▶ _Work item_:
Using the listing below, set down exactly the lines from the one that contains "الجدير بالذكر، فإن" through the one that contains "Colección de 6", with no pictures.

----- Record set

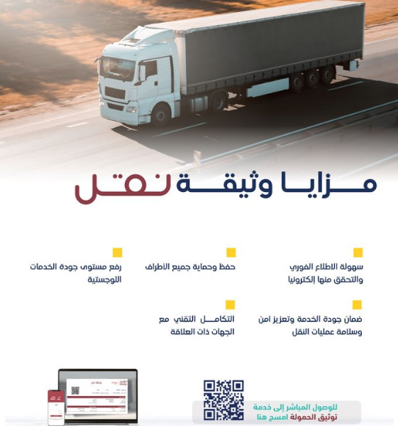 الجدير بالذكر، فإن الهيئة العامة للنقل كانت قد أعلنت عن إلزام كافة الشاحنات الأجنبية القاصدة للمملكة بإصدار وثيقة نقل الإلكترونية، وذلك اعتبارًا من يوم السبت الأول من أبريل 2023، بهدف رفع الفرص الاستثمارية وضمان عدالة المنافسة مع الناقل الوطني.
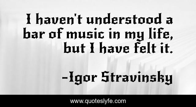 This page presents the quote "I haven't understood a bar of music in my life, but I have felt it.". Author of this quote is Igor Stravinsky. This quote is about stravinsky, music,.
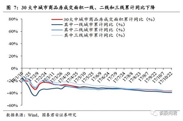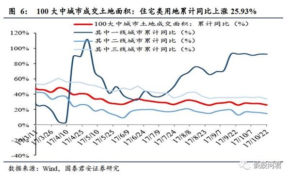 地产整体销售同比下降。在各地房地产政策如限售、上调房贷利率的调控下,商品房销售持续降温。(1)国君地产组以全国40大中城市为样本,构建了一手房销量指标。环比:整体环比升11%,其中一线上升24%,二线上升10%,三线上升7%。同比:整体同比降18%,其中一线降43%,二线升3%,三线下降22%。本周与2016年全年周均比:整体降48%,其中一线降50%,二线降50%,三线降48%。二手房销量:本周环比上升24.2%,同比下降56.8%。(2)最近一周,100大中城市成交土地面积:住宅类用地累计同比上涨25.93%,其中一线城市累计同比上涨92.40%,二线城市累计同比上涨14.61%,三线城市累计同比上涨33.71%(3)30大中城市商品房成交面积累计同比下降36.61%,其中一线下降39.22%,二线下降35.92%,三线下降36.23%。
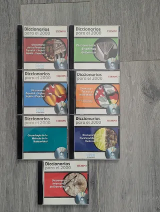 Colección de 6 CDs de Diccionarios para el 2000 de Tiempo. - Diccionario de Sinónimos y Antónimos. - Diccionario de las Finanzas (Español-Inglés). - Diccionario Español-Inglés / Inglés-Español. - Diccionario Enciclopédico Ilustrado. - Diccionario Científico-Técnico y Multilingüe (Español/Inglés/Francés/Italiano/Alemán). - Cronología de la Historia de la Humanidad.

----------
----- Record set

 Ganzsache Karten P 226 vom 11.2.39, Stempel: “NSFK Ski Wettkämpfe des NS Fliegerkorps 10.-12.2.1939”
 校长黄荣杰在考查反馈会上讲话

----------

▶ _Solution_:
 الجدير بالذكر، فإن الهيئة العامة للنقل كانت قد أعلنت عن إلزام كافة الشاحنات الأجنبية القاصدة للمملكة بإصدار وثيقة نقل الإلكترونية، وذلك اعتبارًا من يوم السبت الأول من أبريل 2023، بهدف رفع الفرص الاستثمارية وضمان عدالة المنافسة مع الناقل الوطني.
 This page presents the quote "I haven't understood a bar of music in my life, but I have felt it.". Author of this quote is Igor Stravinsky. This quote is about stravinsky, music,.
 地产整体销售同比下降。在各地房地产政策如限售、上调房贷利率的调控下,商品房销售持续降温。(1)国君地产组以全国40大中城市为样本,构建了一手房销量指标。环比:整体环比升11%,其中一线上升24%,二线上升10%,三线上升7%。同比:整体同比降18%,其中一线降43%,二线升3%,三线下降22%。本周与2016年全年周均比:整体降48%,其中一线降50%,二线降50%,三线降48%。二手房销量:本周环比上升24.2%,同比下降56.8%。(2)最近一周,100大中城市成交土地面积:住宅类用地累计同比上涨25.93%,其中一线城市累计同比上涨92.40%,二线城市累计同比上涨14.61%,三线城市累计同比上涨33.71%(3)30大中城市商品房成交面积累计同比下降36.61%,其中一线下降39.22%,二线下降35.92%,三线下降36.23%。
 Colección de 6 CDs de Diccionarios para el 2000 de Tiempo. - Diccionario de Sinónimos y Antónimos. - Diccionario de las Finanzas (Español-Inglés). - Diccionario Español-Inglés / Inglés-Español. - Diccionario Enciclopédico Ilustrado. - Diccionario Científico-Técnico y Multilingüe (Español/Inglés/Francés/Italiano/Alemán). - Cronología de la Historia de la Humanidad.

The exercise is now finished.